= Lorna I. Scott =

British botanist

Lorna Iris Scott (1895–1984) was a senior lecturer in Botany at University of Leeds. In 1949 she became the first woman president of the Yorkshire Naturalists’ Union and was president of the British Bryological Society in 1952–1953.

==Early life and education==
Lorna Iris Scott was born on 29 September 1895 in Poona, India. Her parents were Major Horace William Scott (Lancashire Fusiliers) and Sophia Parsons Scott (née Fenemore). The family returned to Britain to live in Holland Park, but Scott was sent to Royal School for Daughters of Officers of the Army in Bath, Somerset. She became head girl. In 1914 she went to the women-only Royal Holloway College in London where she won the Driver Prize for Botany in 1917 and graduated with Class III honours in 1917. She was also successful in college sports, becoming the ‘River Captain’ for rowing.
In 1928 she was awarded a MSc in Botany from Royal Holloway College.

==Career==
In 1917 she was appointed as an assistant lecturer in the Agricultural Botany department at University of Leeds, later being promoted to a senior lectureship in the Botany department. From 1919 until 1937 she was also sub-warden of Lyddon Hall, a woman’s hall of residence.
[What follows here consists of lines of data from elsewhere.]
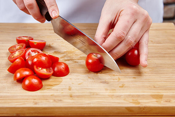 Die Tomaten halbieren und mit 1EL Essig , Salz, Pfeffer, Zucker und 1EL Olivenöl marinieren.
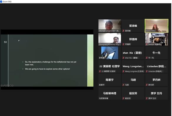 (通讯员:梁浩榆)2022年11月24日16:00-18:00,米兰电竞·(中国区)哲学院“希贤人文大讲堂·海外名家系列讲座”第十二讲“为什么人们认为时间是动态的?——对时间动态论和开放未来的一个研究”通过Zoom会议的方式在线上举行。本次受邀的主讲者是悉尼大学(The University of Sydney)教授、悉尼大学时间研究中心联合主任、澳大利亚知名哲学家克里斯蒂·米勒(Kristie Miller)。本次讲座由龙智生(Michael Longenecker)老师主持,哲学院王成军老师,以及哲学院近80名研究生和本科生参加了此次讲座。
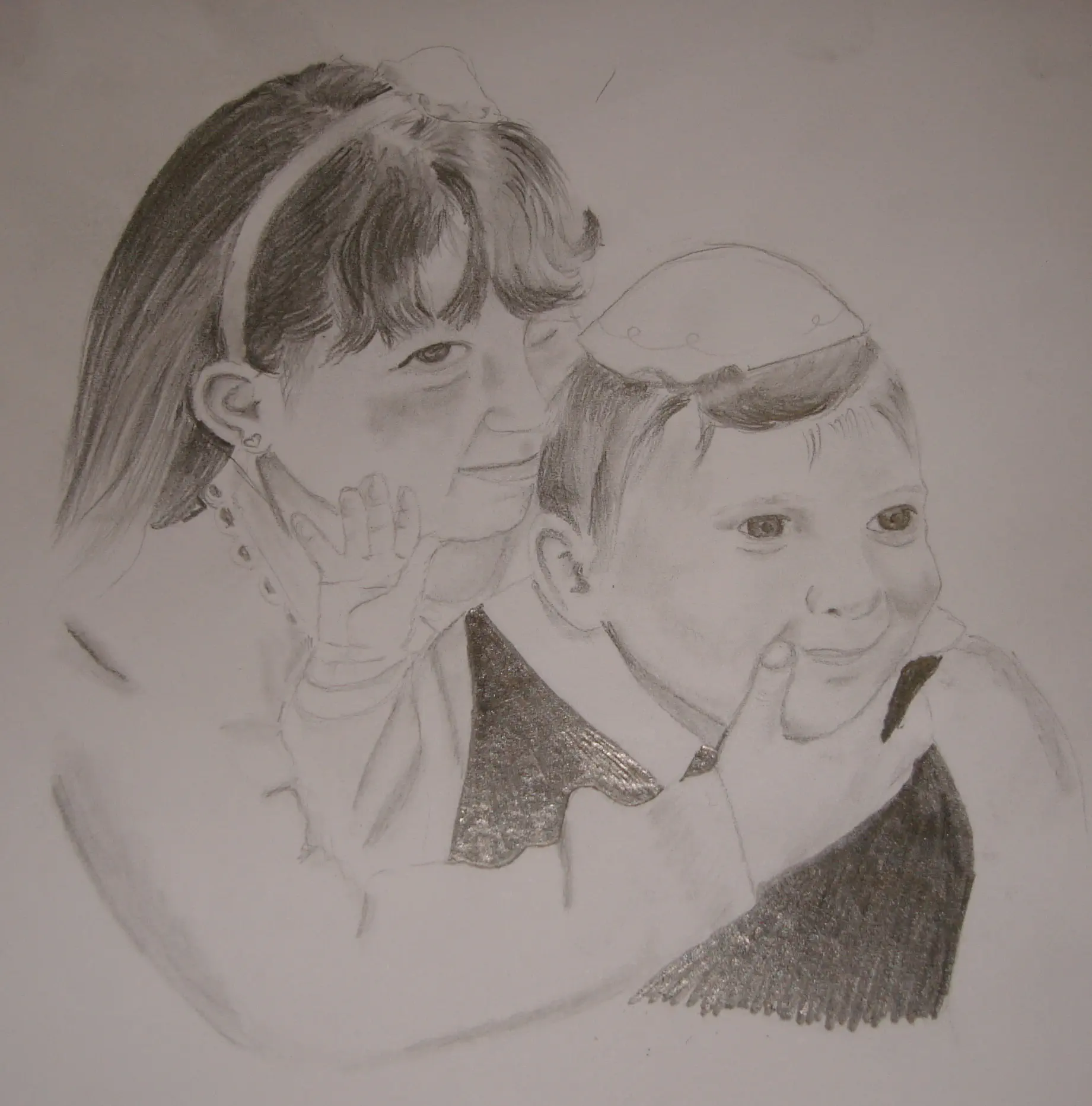 סה"כ הציור שלה אולי באמת דומה יותר, בוגר יותר,ולי זה יצא באמת מאוד ילדותי.. ההבעה בפנים לא דומה ממש באף אחד מהם. היא הזעיפה לי מאוד את הגבות..אבל אני הרמתי אותם מידי..
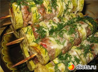 Возьмите деревянные шпажки и поочередно нанизываете: кабачок- фарш-кабачок -фарш… с концов должен быть кабачок.

Her research focused on plant anatomy, algology and bryology. She was co-author with Joseph Hubert Priestley, head of the department of botany, of “An Introduction to Botany”, first published 1938 which ran to four editions. The book featured her illustrations.

She was also a member of several professional associations including The Leeds Naturalists’ Club and The British Bryological Society (previously called the Moss Exchange Club). After Priestley died in 1944, she managed the botany department at Leeds for eighteen months until Irene Manton was appointed on 15 January 1946.

She retired in 1958 and moved to Yeovil, Somerset but continued to write and be involved in science. She died 13 December 1984.

==Publications==

Scott was the co-author, with J. H. Priestley and Edith Harrison, of An introduction to botany with special reference to the structure of the flowering plant. Longmans, Green & Co. 1938 615 pp. Scott and Marjorie E. Malins produced the illustrations. This was successful and four editions were published (1938, 1949, 1955 and 1964).

Scott was the author or co-author of scientific publications including:
- J. H. Priestley and Lorna I. Scott (1935) The formation of a new cell wall at cell division. Proceedings of the Leeds Philosophical and Literary Society. 3 532-45
- J. H. Priestley and Lorna I. Scott (1933) Phyllotaxis in the dicotylodon from the standpoint of developmental anatomy. Biological Reviews, 8 125-140.
- Lorna I. Scott and J. H. Priestley (1928) The Root as an absorbing organ. I. A reconsideration of the entry of water and salts in the absorbing region. New Phytologist 27 125-140.
- Lorna I. Scott and J. H. Priestley (1925) Leaf and stem anatomy of Tradescantia fluminensis, Vell. Journal of the Linnean Society of London, Botany, 47 1 - 28.

==Honours and awards==
Scott was elected a Fellow of the Linnean Society of London in 1945. She was president of the Yorkshire Naturalists’ Union in 1949. She was president of the British Bryological Society 1952–1953.